Some jokes land, like a hilarious French-Canadian commercial playing in the background. A hilarious piece of French wordplay with a pitch-perfect yokel 80s aesthetic. But the rest of the film left me confused. Why this? Why play an Iranian when Rankin isn’t Iranian? There’s part of it that feels borderline orientalist – misrepresenting and stereotyping Asian culture. As the film progresses, the humour fades away, and Rankin finds these beautiful poetic moments for his characters that elevate them past the playfulness of before. Even Massoud, who is first introduced wearing a ridiculous pair of earmuffs, is given a sad, introspective and deeply personal conclusion to his journey. But even this beautiful moment doesn’t have a connection with one side of the culture it is representing.
It reminded me of Wes Anderson’s Darjeeling Limited. Not aesthetically, though, the comparison can easily be made (Rankin repeatedly said he wasn’t influenced by the work of Anderson, but no other director is so meticulous at framing his pictures and living effortlessly in the whimsical work they construct). What brought me back is how Anderson approached the narrative and visual influences (Indian cinema, especially the work of Satyajit Ray) with his own upbringing and influence. He does that by separating himself from the setting.
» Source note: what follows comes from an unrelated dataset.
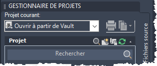 Dans la liste Projet courant, cliquez sur le bouton Ouvrir à partir de Vault.

Anderson’s film is about white people misunderstanding the culture they are trying to embrace. Rankin’s film starts by pretending he found a way to destroy the barriers that divide it. But he didn’t; from Manitoba, he gets the atmosphere, the humour and the thematic curiosity. From Iran, he gets the language and the facial hair. That’s not a fair balance.
Verdict: 2 out of 5
For fans of extremely esoteric dry heartland Canadian humour. Fans of Iranian cinema will do better to rent My Favourite Cake: it’s sadder, but the subversive Persian humour hits harder.